The 12 jurors found Rittenhouse not guilty for the deaths of Joseph Rosenbaum, 36, and Anthony Huber, 26, and for wounding Gaige Grosskreutz, now 27. Rittenhouse shot them with an AR-15 rifle during a Black Lives Matter (BLM) protest in Kenosha, Wisconsin, on August 25 last year.

The BLM protest was held following the police shooting of Jacob Blake. The young Black man was shot seven times in the back by a white police officer. The cop, claiming a threat to his life and “self defence”, was never prosecuted.

Defence lawyers said Rittenhouse, then 17, was also acting in self-defence.

Rosenbaum was unarmed and Rittenhouse said he knew that. Huber was on a skateboard and confronted the armed teenager.

The judge, an elected official, refused to allow the dead men murdered by Rittenhouse to be called “victims”, but allowed the defence to refer to them as “rioters” as they protested the shooting of Blake.

The jury also found Rittenhouse, now 18, not guilty of two felony charges of recklessly endangering safety.

The white supremacist called his murderous action “self-defence”, even though he crossed state lines to oppose the protesters and support the cops.

White supremacists can now claim self-defence whenever they infiltrate protests and provoke a situation. It is a green light for white terrorism.

President Joe Biden saw it otherwise, praising the legal system that let Rittenhouse off. “We must acknowledge the jury has spoken.”

Blake’s shooting and Rittenhouse’s actions were not mentioned by Biden. Blake was paralysed from the waist down in the shooting that led to days of, at times, violent protests in Kenosha and across the country. 

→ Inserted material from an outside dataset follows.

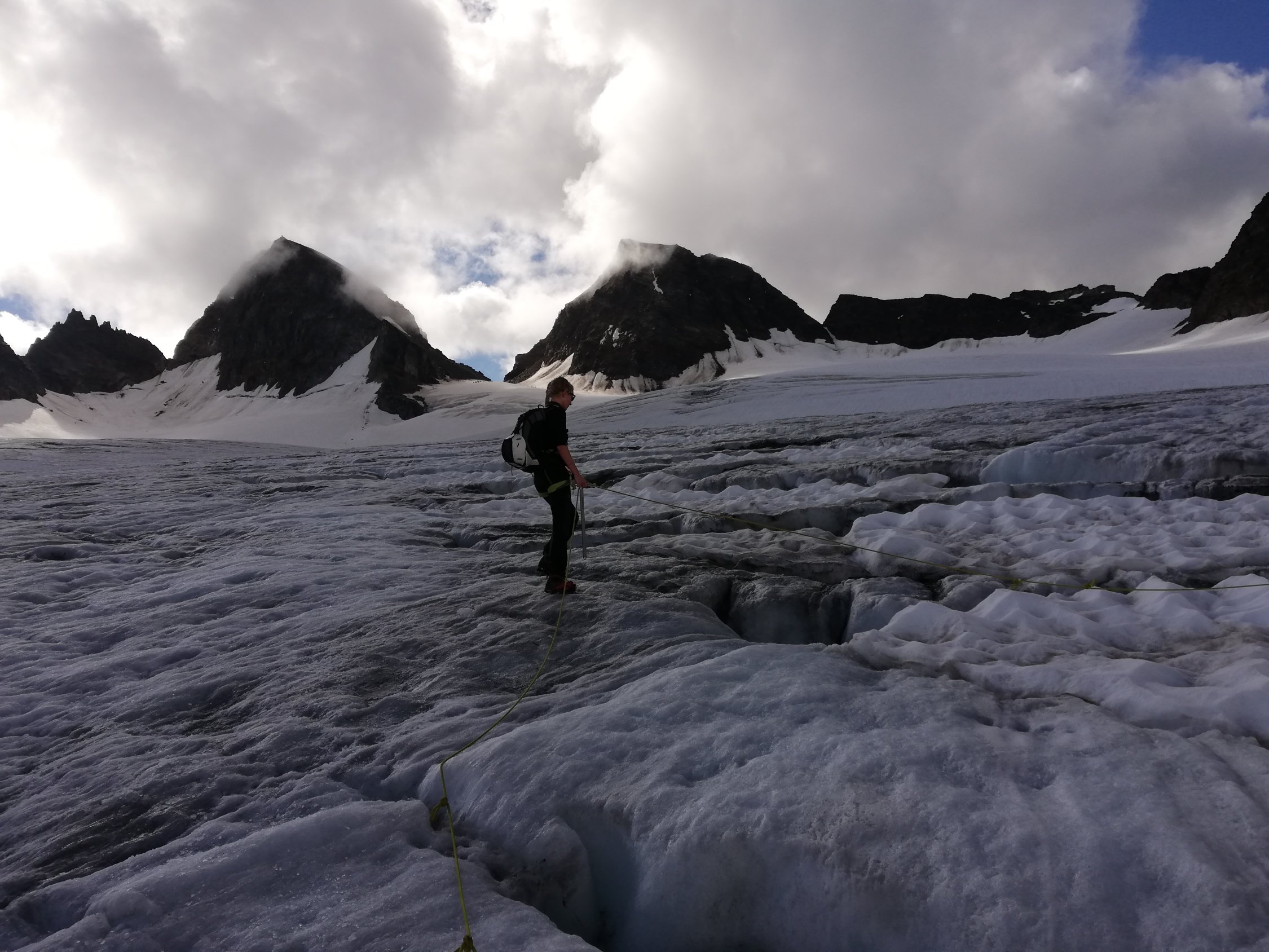 Der Gletscher apert rasch aus, unbedingt Eisschrauben mit nehmen für unsichere Bergler.

Every Black person knows the true history of US racial injustice, from slavery to de facto and de jure segregation. Both were legal. Black protests, on the other hand, are seen as illegal by the far right.

Some say there are two different legal systems. In fact, there is only one legal system — Black people are presumed guilty, and whites are presumed innocent, and thus free to murder Black people and white allies who protest the racist system.

Huber's parents, Karen Bloom and John Huber, said they are “heartbroken and angry” over Rittenhouse’s acquittal.

“Today's verdict means there is no accountability for the person who murdered our son,” they said. "It sends the unacceptable message that armed civilians can show up in any town, incite violence, and then use the danger they have created to justify shooting people in the street."

There is no justice. It is likely there will be civil suits against Rittenhouse and other vigilantes. The Department of Justice is unlikely to do anything, just as it failed to file federal charges when Blake was shot.

The lesson is clear: under the US Constitution, the First Amendment supports the right to protest and freedom of speech, and the Second Amendment allows the formation of state militias and to bear arms; but the Rittenhouse verdict means white male vigilantes can use the Second Amendment to trump the First.

If Rittenhouse had been an African-American teenager, he would probably have been shot rather than arrested, and definitely convicted.

The two white men Rittenhouse gunned down are considered traitors to the white race, in the eyes of white vigilantes and supremacists. Since the days of white abolitionist John Brown, it is considered a crime to be a friend of Black freedom.

“Not guilty” is not the same as being “innocent”. The fight for justice will continue.